Compress-Archive publish/* publish.zip -Update
Open a bash shell and cd into the bin directory with all the published binaries and run the following command.
zip -r publish.zip
.NET for Apache Spark in Azure Synapse Analytics notebooks
Notebooks are a great option for prototyping your .NET for Apache Spark pipelines and scenarios. You can start working with, understanding, filtering, displaying, and visualizing your data quickly and efficiently.
Data engineers, data scientists, business analysts, and machine learning engineers are all able to collaborate over a shared, interactive document. You see immediate results from data exploration, and can visualize your data in the same notebook.
How to use .NET for Apache Spark notebooks
When you create a new notebook, you choose a language kernel that you wish to express your business logic. Kernel support is available for several languages, including C#.
To use .NET for Apache Spark in your Azure Synapse Analytics notebook, select .NET Spark (C#) as your kernel and attach the notebook to an existing serverless Apache Spark pool.

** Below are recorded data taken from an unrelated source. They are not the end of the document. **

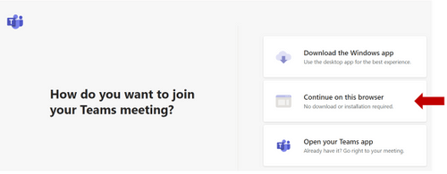 2. Select the option to “Continue on this browser.” It is recommended for attendees to join the webinar through a browser rather than using the Microsoft Teams app. Note: There are no waiting rooms for the webinars, if you encounter a waiting room or if you are not prompted with the following options, try logging out of your Microsoft Teams app before entering through a browser.
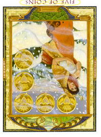 錢幣五暗示你和伴侶的分離,而且無論你們是分開,或者仍在一起,你都是孤獨而寂寞的。這種關係現實的是心靈空虛的症狀,你的饑渴已經到了一種沒有任何肉體或情感關係能夠喂飽你的程度了。這張牌暗示或許是到了你重新認識自己真正的人生目標的適當時候了。為了平息你的饑渴,內在的改變是需要的
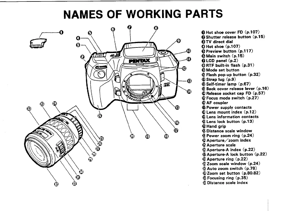Bekijk gratis de handleiding van Pentax PZ-1P, stel vragen en lees de antwoorden op veelvoorkomende problemen, of gebruik onze assistent om sneller informatie in de handleiding te vinden of uitleg te krijgen over specifieke functies.
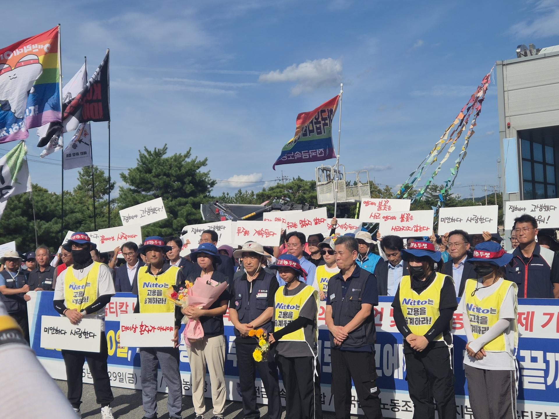 한국옵티칼하이테크지회 노동자들은 먹튀기업 니토의 만행을 고발하고 글로벌 기업의 사회적 책임을 묻기 위해 다시 투쟁을 시작한다. 곧 경주에서 APEC이 열린다. 10월 21일부터 30일까지 APEC투쟁단 모집으로 집중투쟁을 준비하고 있다.
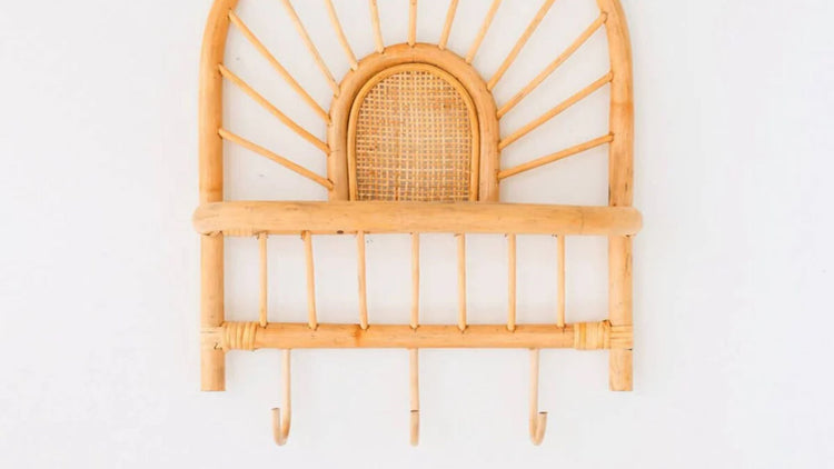 Een wandopberger aan je muur is de ideale manier om kleinere spullen netjes op te bergen en een boho stijl toe te voegen aan je interieur. Het biedt ruimte voor sleutels, hoeden, zonnebrillen, jassen en meer, en creëert een warme, ontspannen sfeer.
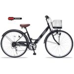 MYPALLASの折畳シティサイクル26インチは、シマノ製6段ギア、LEDダイナモライト、バスケット付。V型フレームで乗り降りしやすく、パンクしにくい肉厚チューブ採用。お洒落なカジュアルカラーで、通勤通学に最適。
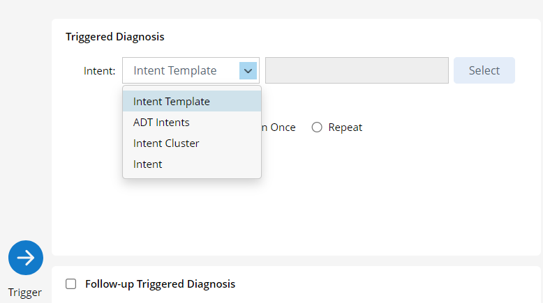 After an intent template is selected, you can set more settings for the diagnosis based on this intent template.
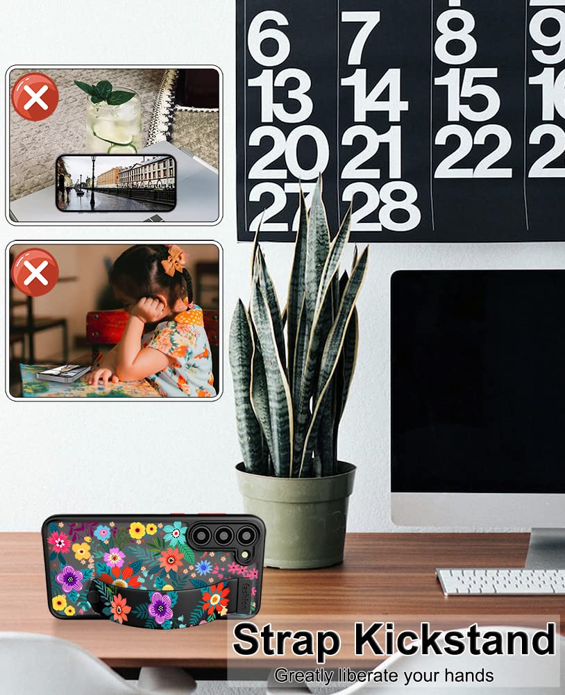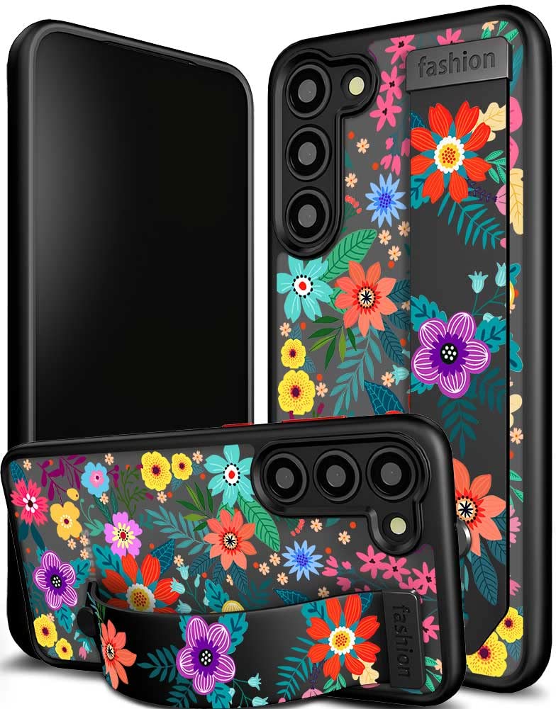 Cisland Cute Samsung Galaxy S23 Case With Strap Stand Finger Kickstand, Cute Case For Women Girly Floral For Girls Aesthetic Coo
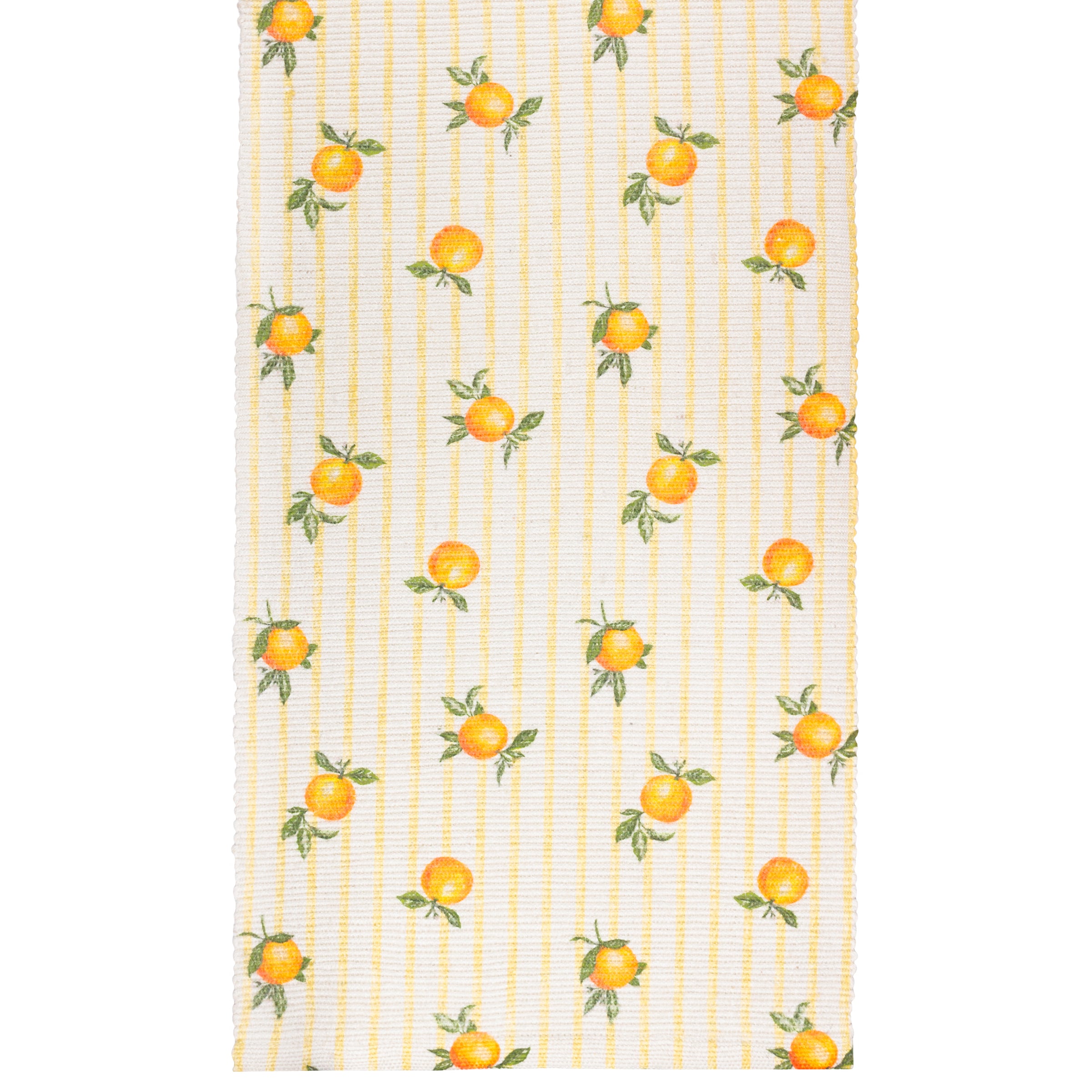 The Fruits Oranges Table Runner can transform a dining space with its hand-painted oranges and timeless stripe pattern. This piece offers a timeless, affordable style for both indoor and outdoor settings, from the kitchen table to garden parties. The material is soft yet durable and quick-drying, making it a practical choice.

The .NET Spark notebook is based on the .NET interactive experiences and provides interactive C# experiences with the ability to use .NET for Spark out of the box with the Spark session variable
spark already predefined.
Install NuGet packages in notebooks
You can install NuGet packages of your choice into your notebook by using the
#r nuget magic command before the name of the NuGet package. The following diagram shows an example:
To learn more about how to work with NuGet packages in notebooks, see the .NET Interactive Documentation.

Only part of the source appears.